## Listed records
--- START ---

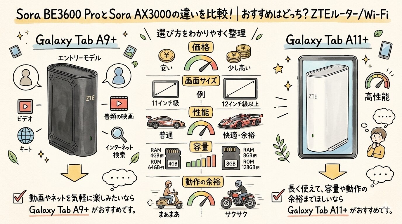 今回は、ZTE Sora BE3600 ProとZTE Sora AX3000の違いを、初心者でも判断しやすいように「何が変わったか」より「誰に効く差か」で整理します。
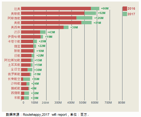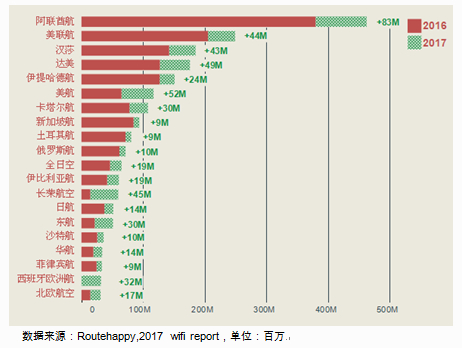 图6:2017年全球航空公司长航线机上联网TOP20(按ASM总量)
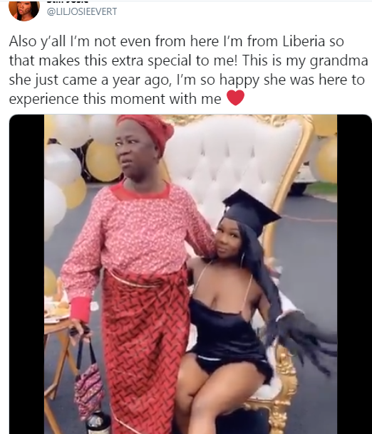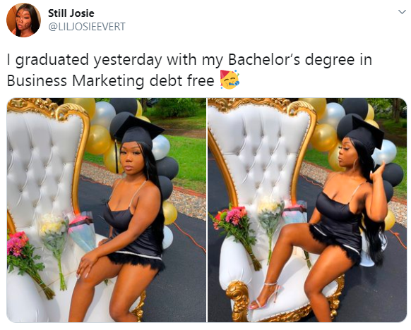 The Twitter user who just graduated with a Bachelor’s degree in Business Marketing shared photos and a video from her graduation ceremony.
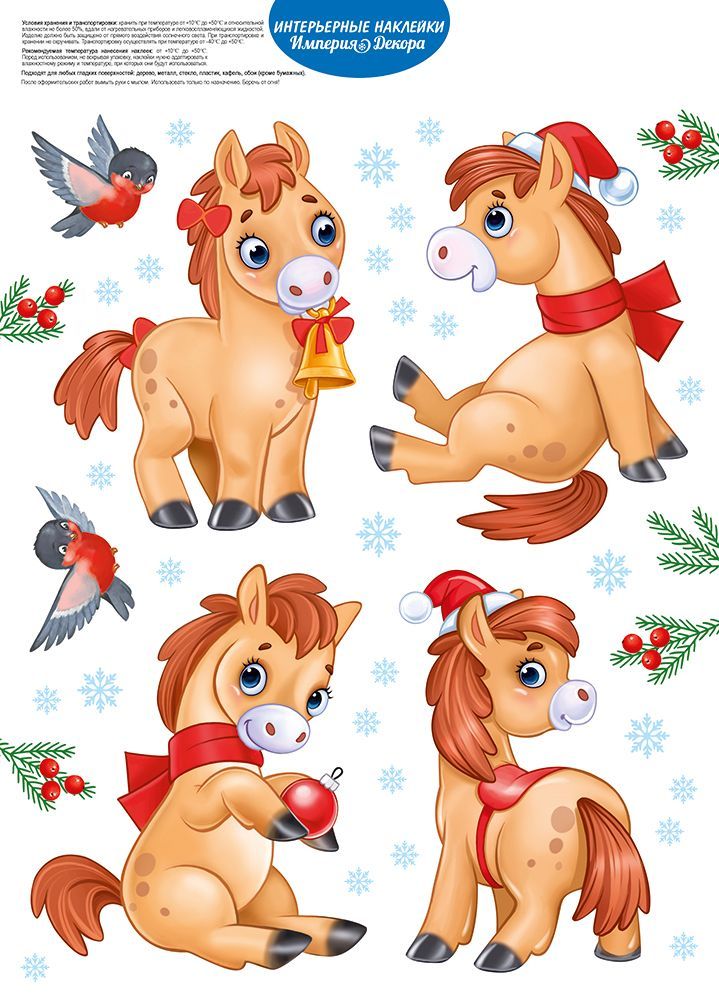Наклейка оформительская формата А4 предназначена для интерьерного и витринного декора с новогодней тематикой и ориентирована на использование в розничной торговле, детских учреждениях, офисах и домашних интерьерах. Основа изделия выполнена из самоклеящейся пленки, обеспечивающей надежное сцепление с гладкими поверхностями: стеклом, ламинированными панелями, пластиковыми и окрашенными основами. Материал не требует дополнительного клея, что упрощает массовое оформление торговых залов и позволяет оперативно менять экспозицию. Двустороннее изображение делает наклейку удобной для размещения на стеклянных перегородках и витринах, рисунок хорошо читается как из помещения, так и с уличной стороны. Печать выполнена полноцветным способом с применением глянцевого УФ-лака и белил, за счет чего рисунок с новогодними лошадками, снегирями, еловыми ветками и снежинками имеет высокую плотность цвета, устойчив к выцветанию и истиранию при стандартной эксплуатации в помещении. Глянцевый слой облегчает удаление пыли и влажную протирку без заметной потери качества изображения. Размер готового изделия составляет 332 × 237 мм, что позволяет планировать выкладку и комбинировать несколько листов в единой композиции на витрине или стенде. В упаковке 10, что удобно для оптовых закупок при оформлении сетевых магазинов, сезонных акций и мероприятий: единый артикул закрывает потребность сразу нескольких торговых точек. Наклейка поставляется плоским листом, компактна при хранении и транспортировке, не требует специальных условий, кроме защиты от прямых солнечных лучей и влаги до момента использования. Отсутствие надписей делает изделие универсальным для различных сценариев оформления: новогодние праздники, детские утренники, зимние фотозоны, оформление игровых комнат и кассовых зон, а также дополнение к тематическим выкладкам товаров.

--- END ---
--- START ---

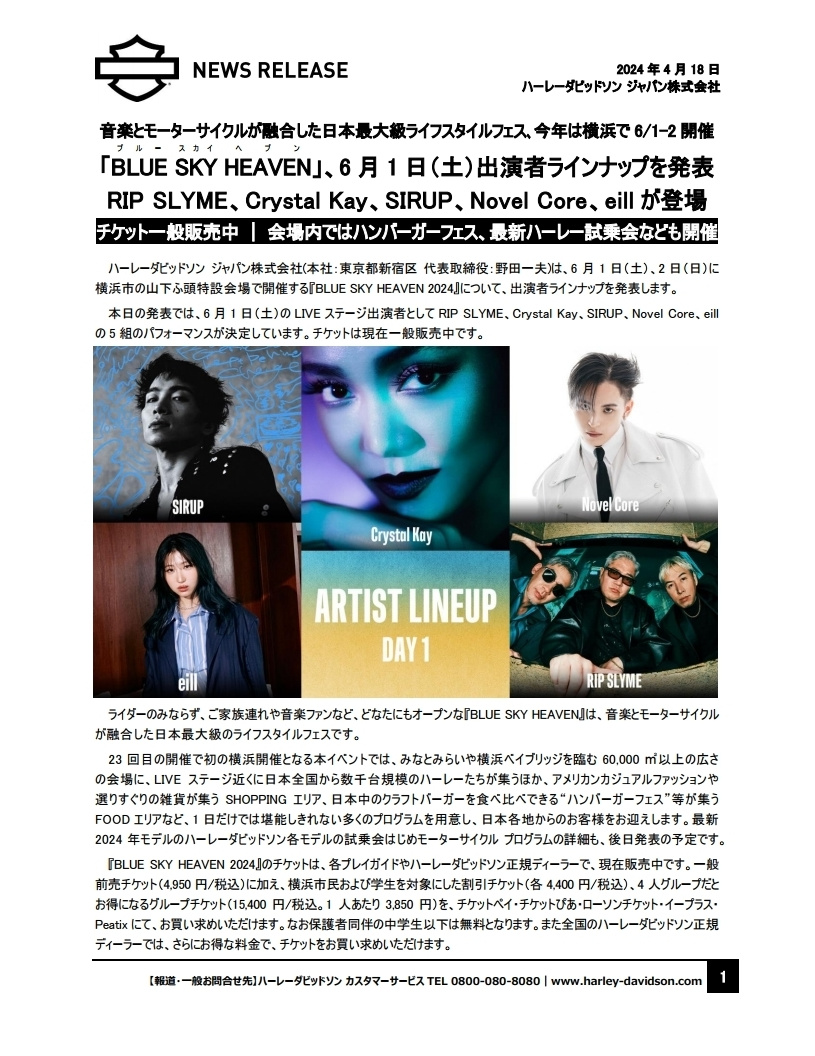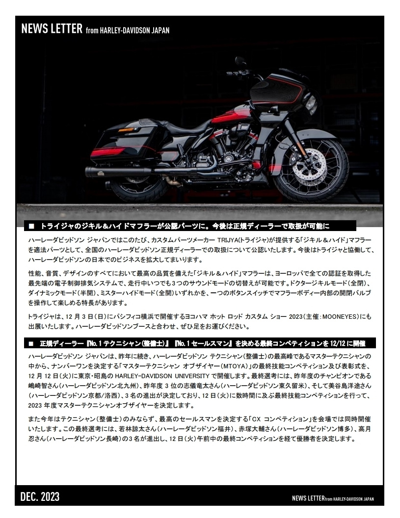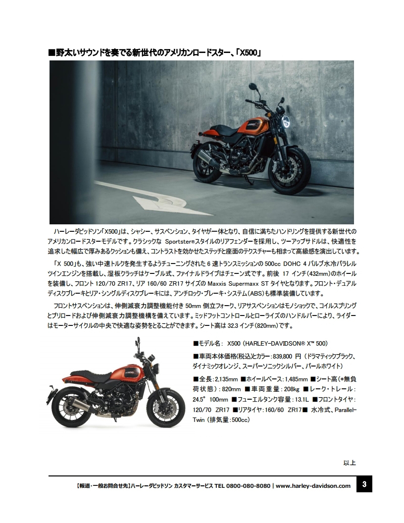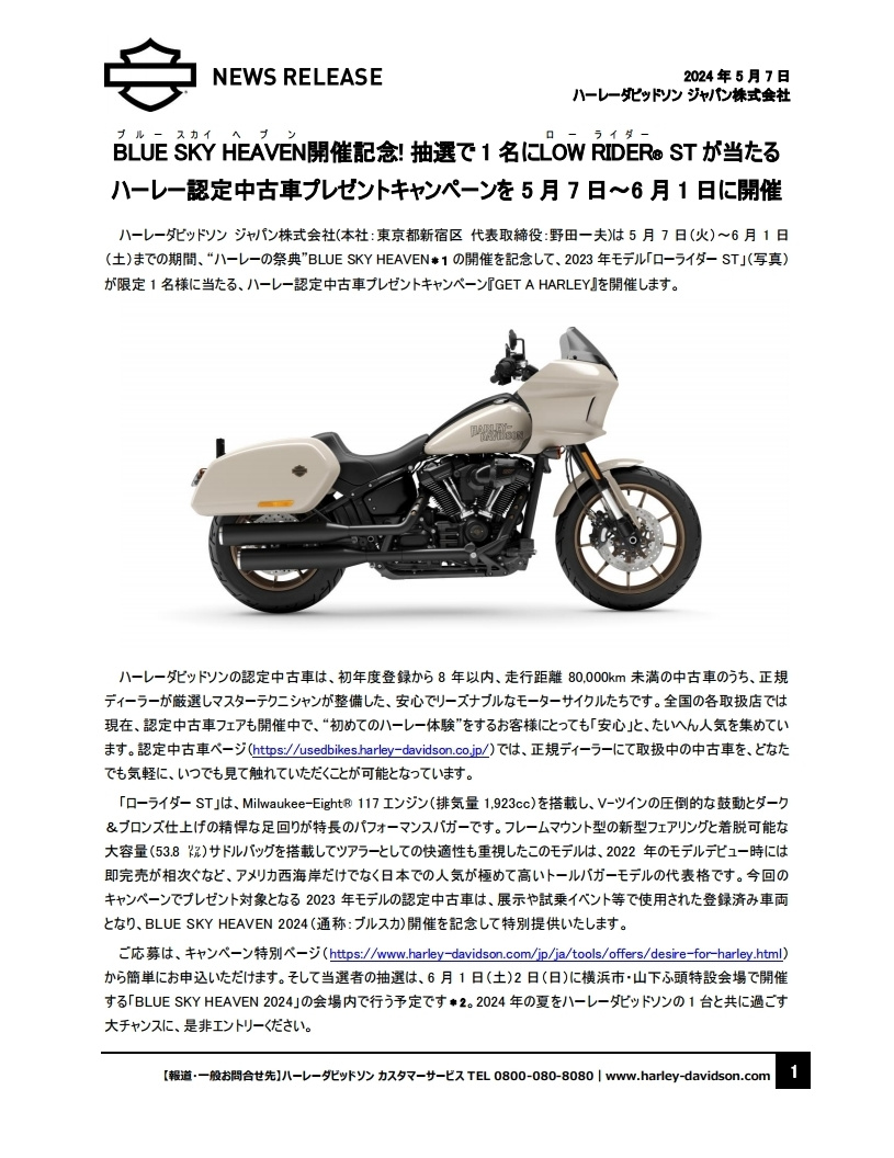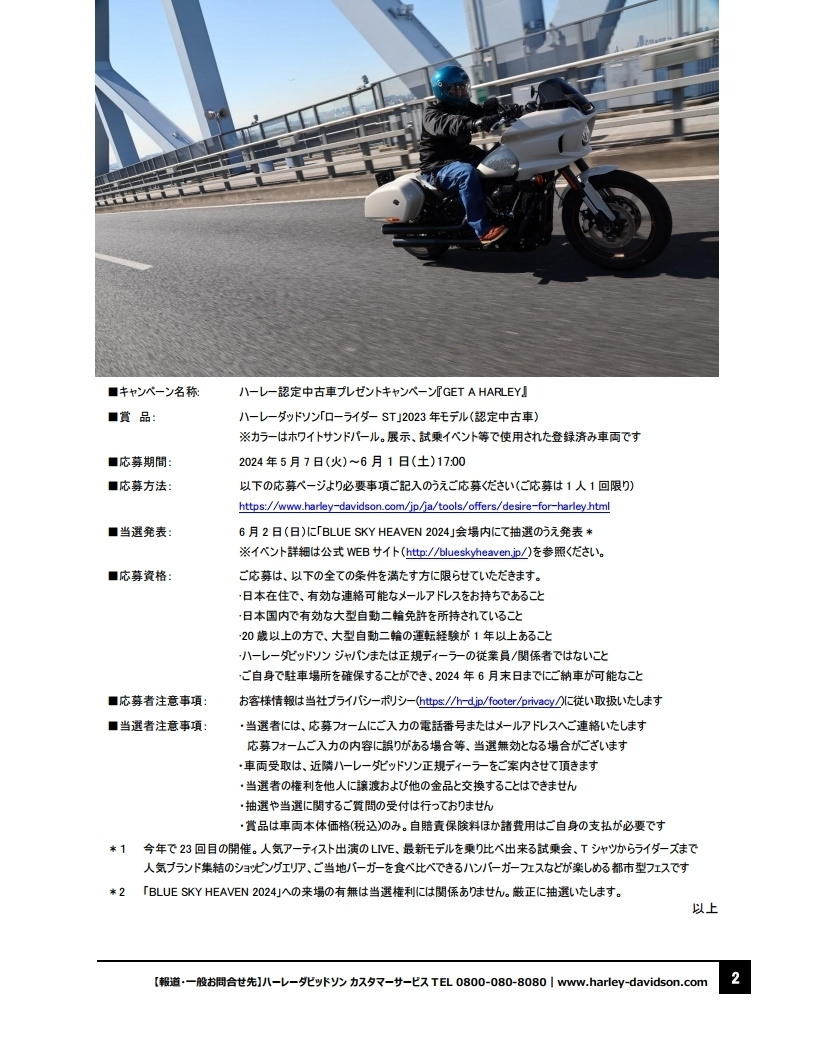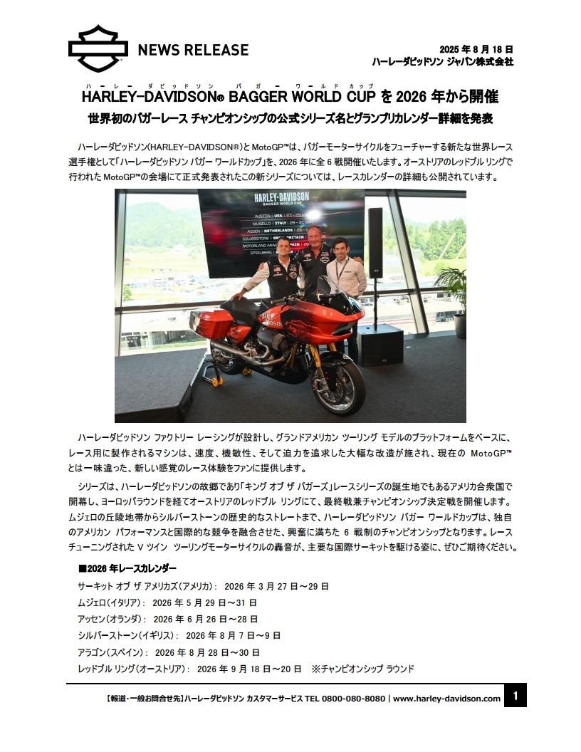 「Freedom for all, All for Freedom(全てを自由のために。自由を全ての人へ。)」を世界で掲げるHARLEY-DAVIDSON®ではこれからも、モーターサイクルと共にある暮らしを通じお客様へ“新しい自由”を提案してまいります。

--- END ---

When you reach the line with "图6:2017年全球航空公司长航线机上联网TOP20(按ASM总量)" in the records above, start writing out each line exactly, and stop after the line with "The Twitter user". Pictures stay out.

## Answer for the task
 图6:2017年全球航空公司长航线机上联网TOP20(按ASM总量)
 The Twitter user who just graduated with a Bachelor’s degree in Business Marketing shared photos and a video from her graduation ceremony.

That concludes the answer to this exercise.